Even a conservative estimate of the impact of online sportsbooks in New York shows how much the state could have benefited from offering legal options to wager online.

What could have been if New York had legal online sports betting

There’s no doubt about the demand for online sports betting in NY. A recent estimate puts the value of mobile betting handle at $20 billion annually in the Empire State. Earlier figures suggested that New Yorkers crossed the state line to make legal wagers in New Jersey to the tune of $837 million in 2019.

A state-commissioned study indicated that mobile wagering in New York could lead to $1.1 billion in annual gross gaming revenue in three to five years. The study, done by Spectrum Gaming Group, also noted that the state could pocket more than $100 million each year in state revenue.

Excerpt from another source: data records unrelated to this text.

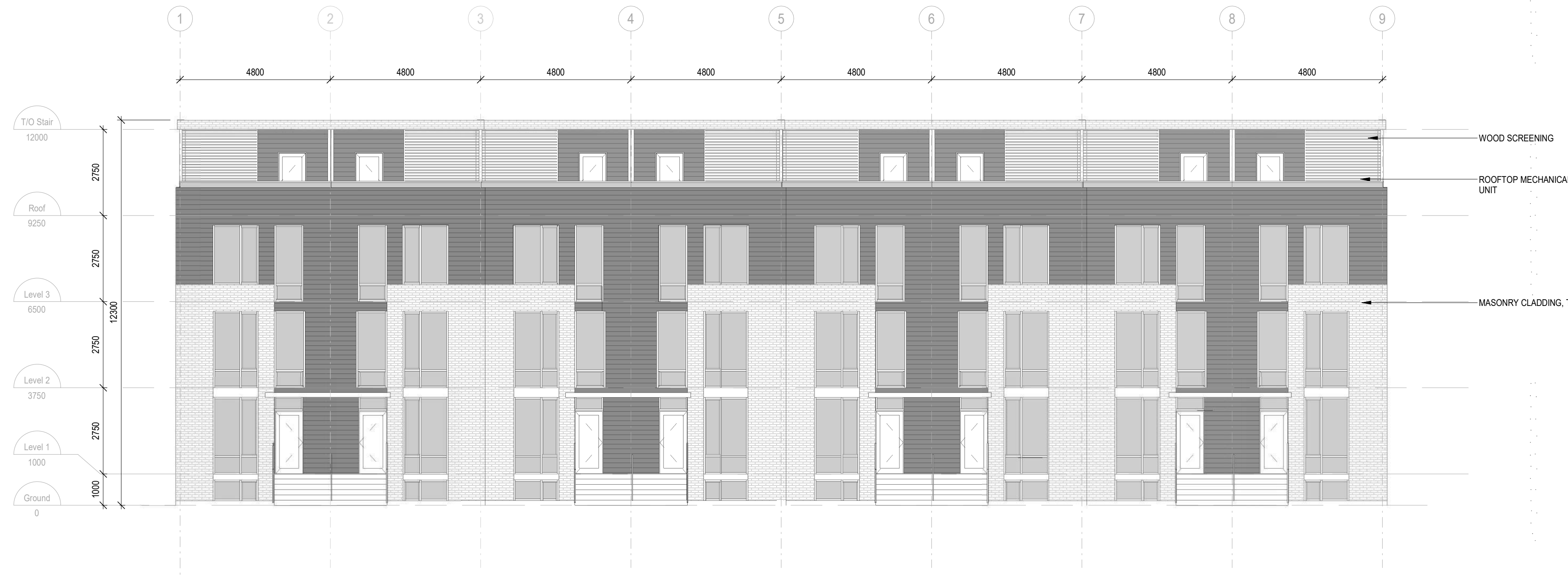
1 Elevation - East 1:100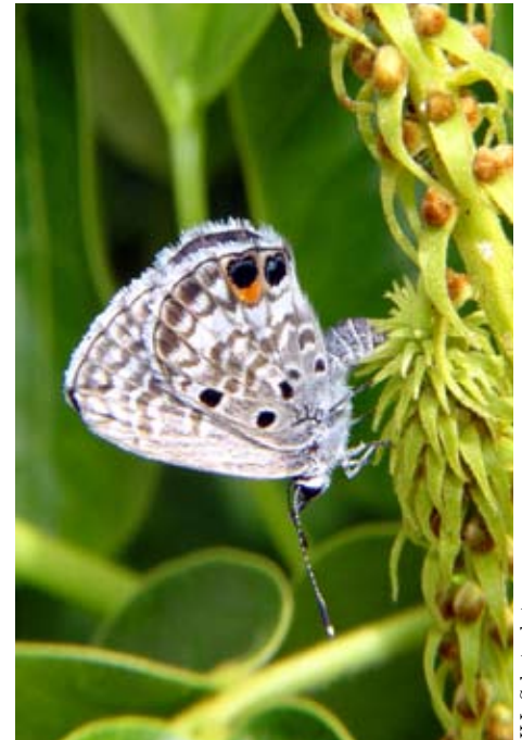
Miami blue butterfly, a species that is a candidate for listing as endangered.

Because of the number of candidates and the time required to list a species, we developed a priority system designed to direct our efforts toward the plants and animals in the greatest need. In our priority system, the degree or magnitude of threat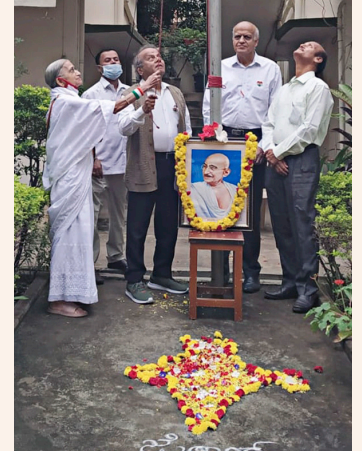
Independence Day Celebration-2022.

The cultural programmes were rendered by the children of Day Care Centre, staff members of the Hospital and Society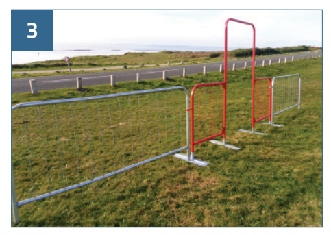
Crossing points can be used with any of the barriers in this guide.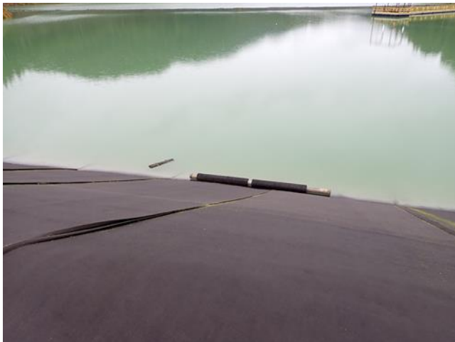
Photo 22. A section of insulated steel pipe observed along the TTF dam.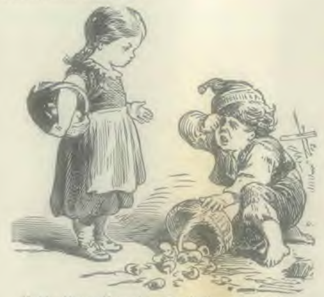
Happy Hours Murred by Toothwhy al Accident.

health, and without which the processes of fresh growth and development are stunted." "These mineral constituents," he goes on to say, "cannot be introduced into the system in an assimilable form except in organic combination with an albuminous molecule, and in such combinations they are found in sufficient proportion to meet the child's needs m / y in certain vegetables, fruits, and cereals."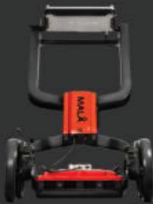
MALÀ EASY LOCATOR PRO

The professional's choice for utility mapping, with added post-processing and positioning features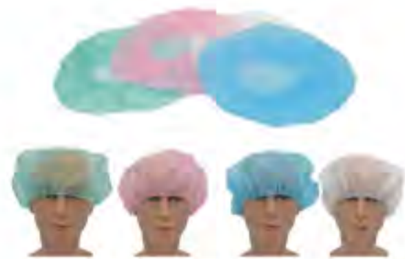
SJ01 - Bouffant Cap (Round Cap) Size: 18", 19", 21", 24", etc. Color: blue, green, white, pink, etc. Material: PP non-woven. Weight: 10 - 20 gm 2 .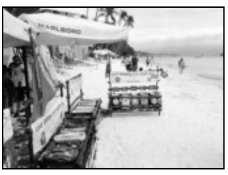
The Boracay Malay Amity Lions Club in the Philippines organized an environmental awareness campaign to make separating trash from

Read the rest of the 100 Touchstone stories written for Lions' centennial at Lions 100.org.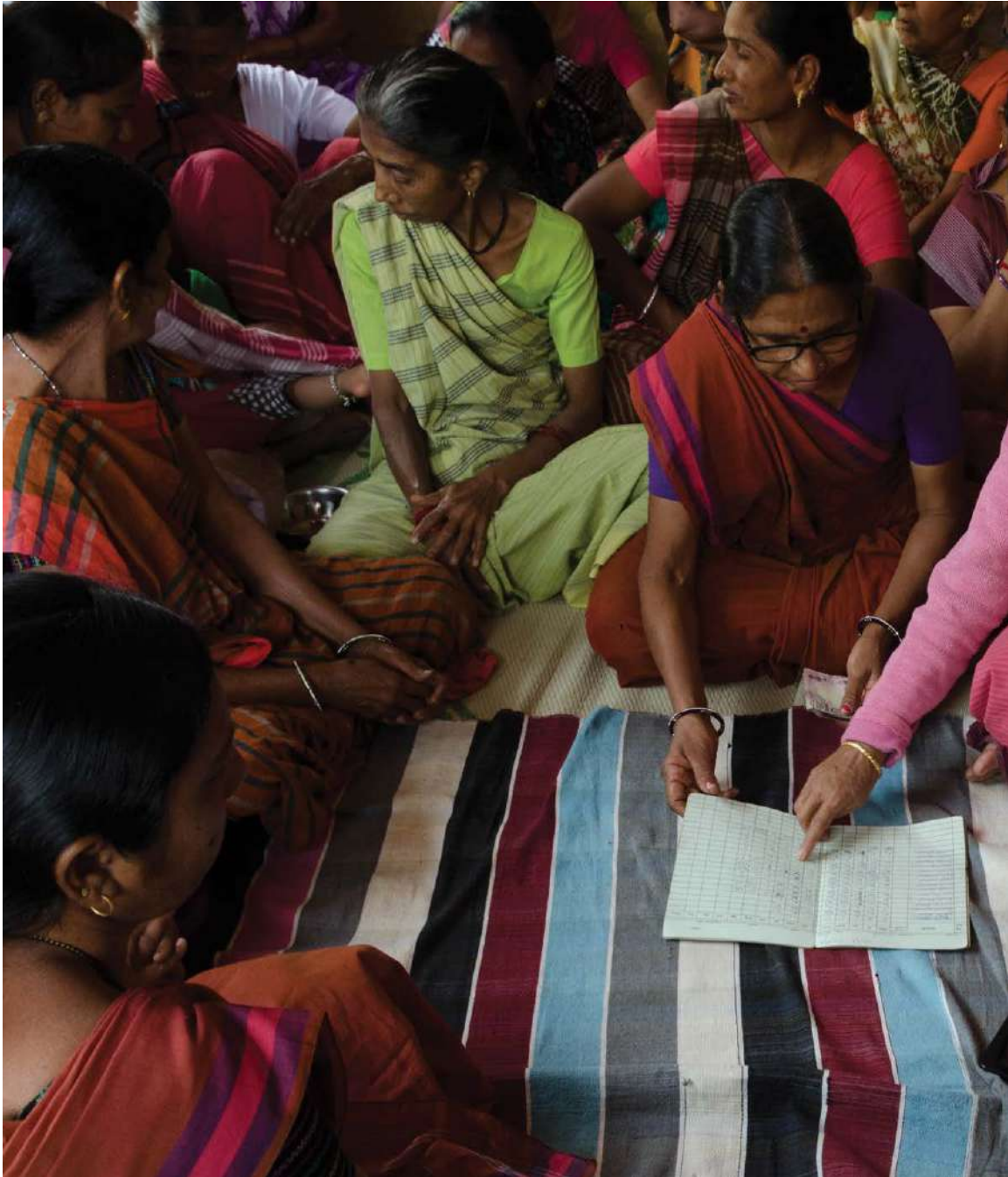
SEWA members in a savings group meeting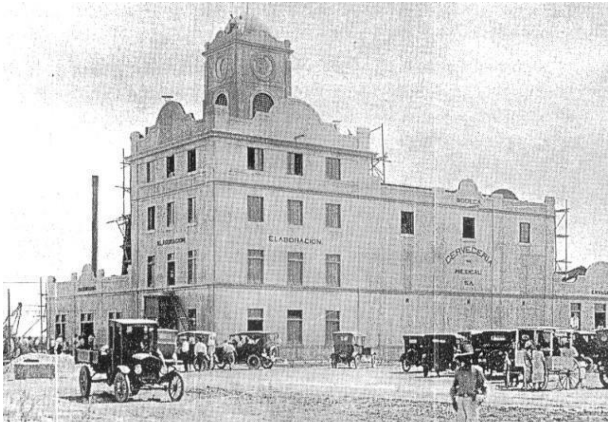
Cerveceria circa 1920's

Mexicali has a long history as the home of bottling, and distribution of beer and other alcoholic beverages. Most famously, Mexicali was the home of the massive Cerveceria which took up an entire block at Calle D and Dr. Gaston Salazar.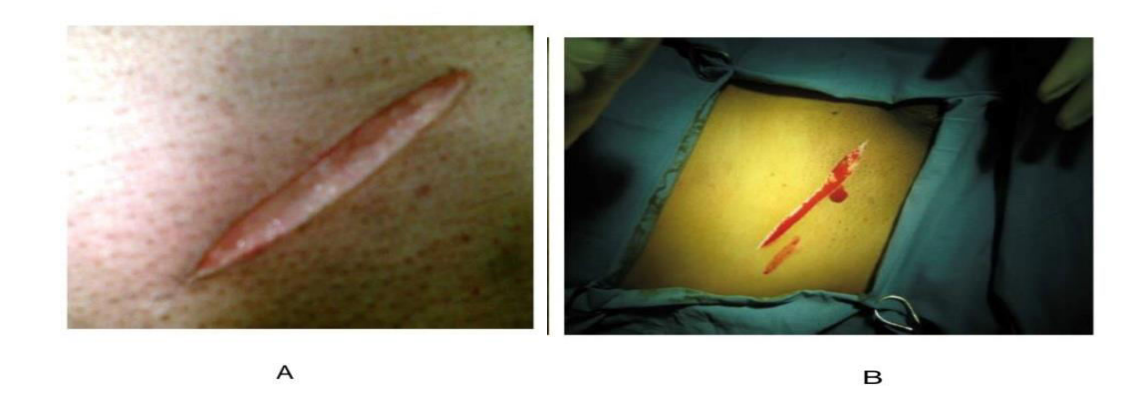
Fig.2: Incision wound site after incision with A-Electrocautery B-Scalpel

The following observations and results were found in the present study.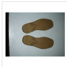
Honey Color Sole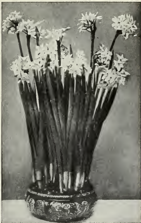
"Giant White" Narcissus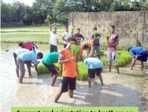
Support and orientation to brothers on Paddy cultivation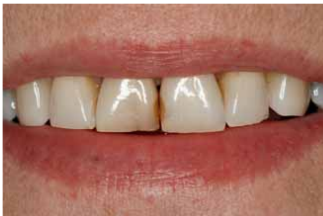
Fig. 8 Follow-up three months after bleaching. The patient did not want new composite restorations.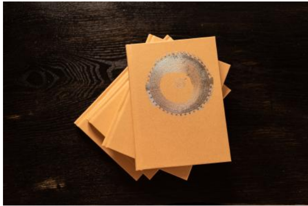
The Book of Gharīb, 2022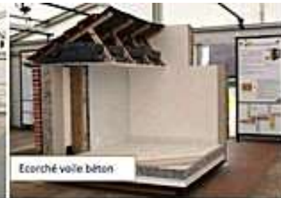
Ecorché voile béton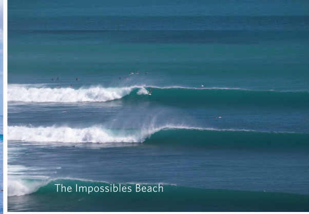
The Impossible Beach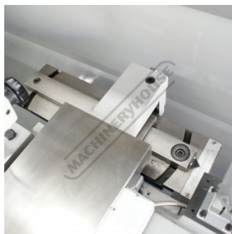
Taper Turning Attachment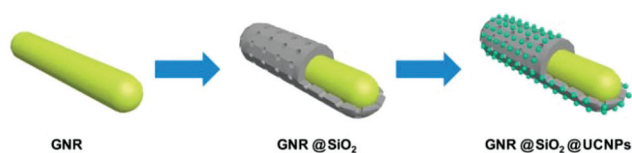
Scheme 1 Schematic illustration of the synthetic procedure for the preparation of the GNR@SiO 2 @UCNPs nanocomposite.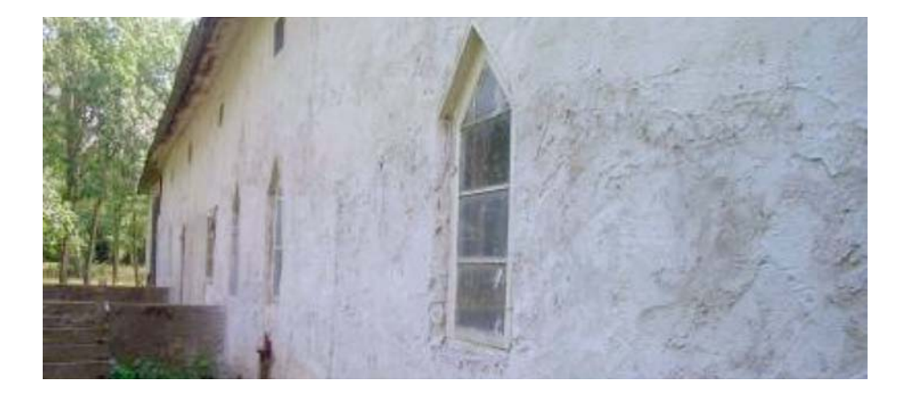
Figure 16 . The facade with patches of student work.

One of our main assignments was to render an elevation of a stable with lime–cement–mortar.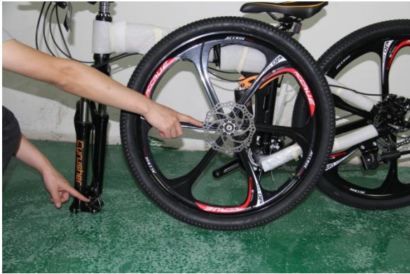
d. Aim the brake disc to the brake device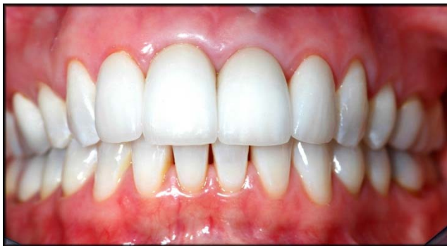
Fig. 18: Final Crowns

Finally, the crowns were placed with 'TempBond Clear' by Kerr, clear temporary cement (Figs. 17 and 18). This material allows for retrievability and access to the abutment. Additionally, it allows one to monitor the tissue adaptation and functionality of the restorations allowing for changes, if needed, prior to finalization. The result was amazingly beautiful. The patient was extremely happy with the results of the treatment. She was examined again 10 days post-operatively.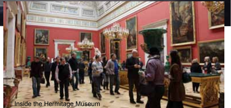
Inside the Hermitage Museum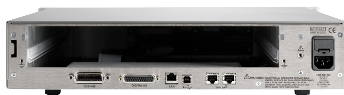
708B rear panel

Prefer to create your own customized application software? Native National Instruments Labview®, IVI-C, and IVI-COM drivers are available for downloading to simplify the programming process. For the Labview® driver please visit www.ni.com ; for IVI drivers please visit www.tek.com .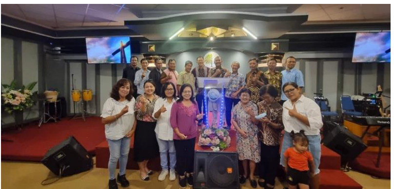
for the next pastor's conference.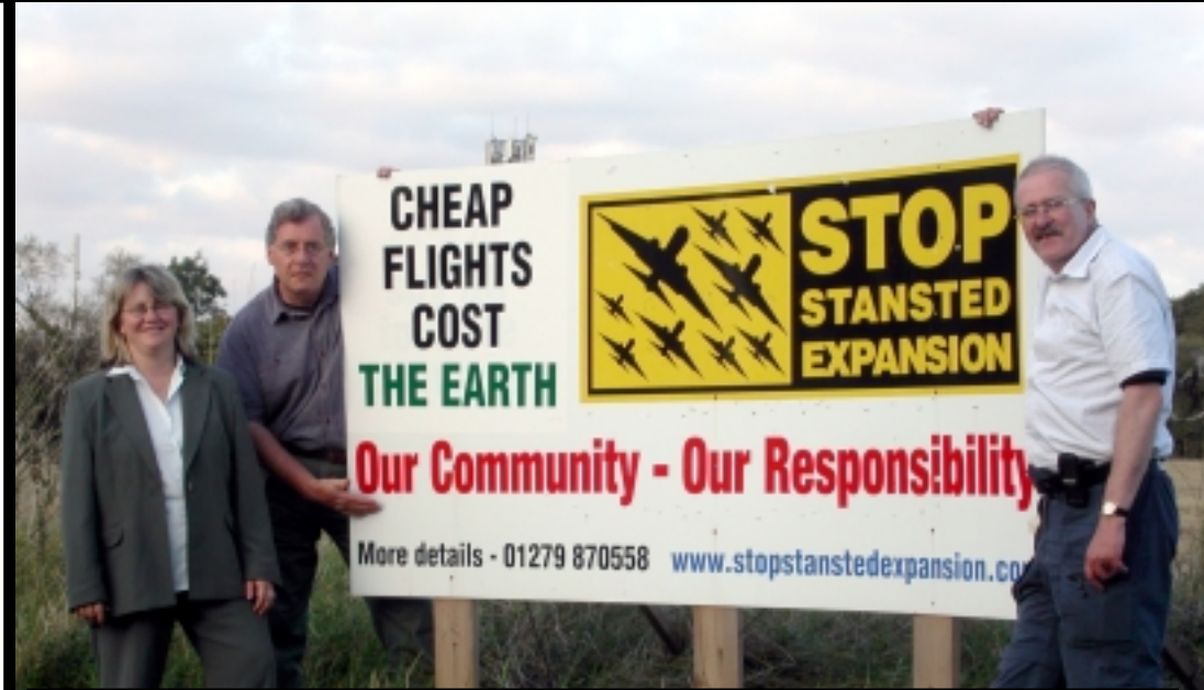
● Uttlesford's Liberal Democrat councillors are calling for an end to night flights at Stansted Airport. New evidence suggests that the effect on global warming of one night flight is the same as 12 planes flying in the day.

Uttlesford District Council's Liberal Democrat administration has made a fresh call for a total ban on night flights because of intolerable noise levels for many local residents and the growing concern of the environmental impact of night flights.

That $837 million figure from 2019 doesn’t count the number of New Yorkers crossing another border, into Pennsylvania, to wager online. This year, NY residents will no doubt contribute toward Super Bowl handle estimates of $75 million in New Jersey and $55 million in Pennsylvania.

The Super Bowl is the single biggest betting day of the year for US sportsbooks. So what would New Yorkers wager online this year if they had the option to do so legally? It’s important to remember three things in forming a guess here:

  • Not all online bettors instantly gravitate to legal books when they become available.
  • It’s possible that legal betting apps in New York could pull traffic from residents of neighboring Connecticut, Massachusetts, and Vermont.
  • In this hypothetical situation, online wagering would be legal statewide, so more than just the population of New York City counts.

With those things in mind, assume handle in New York (in its first year) could compete with that of nearby New Jersey. The state is populous, has a robust sports presence, and the population is familiar with the concept of legal gambling. Those things lend well toward a strong performance.

How much tax revenue could Super Bowl online sports betting produce?

Let’s take the hypothetical scenario of NY legalizing online sports betting in 2020. Had the state done so, a conservative figure for Super Bowl handle in New York this year would be $70 million. It’s likely that the event could be worth more when the market hits maturity, as Spectrum projected. But in this example, bettors would be placing legal Super Bowl bets online in New York for the first time.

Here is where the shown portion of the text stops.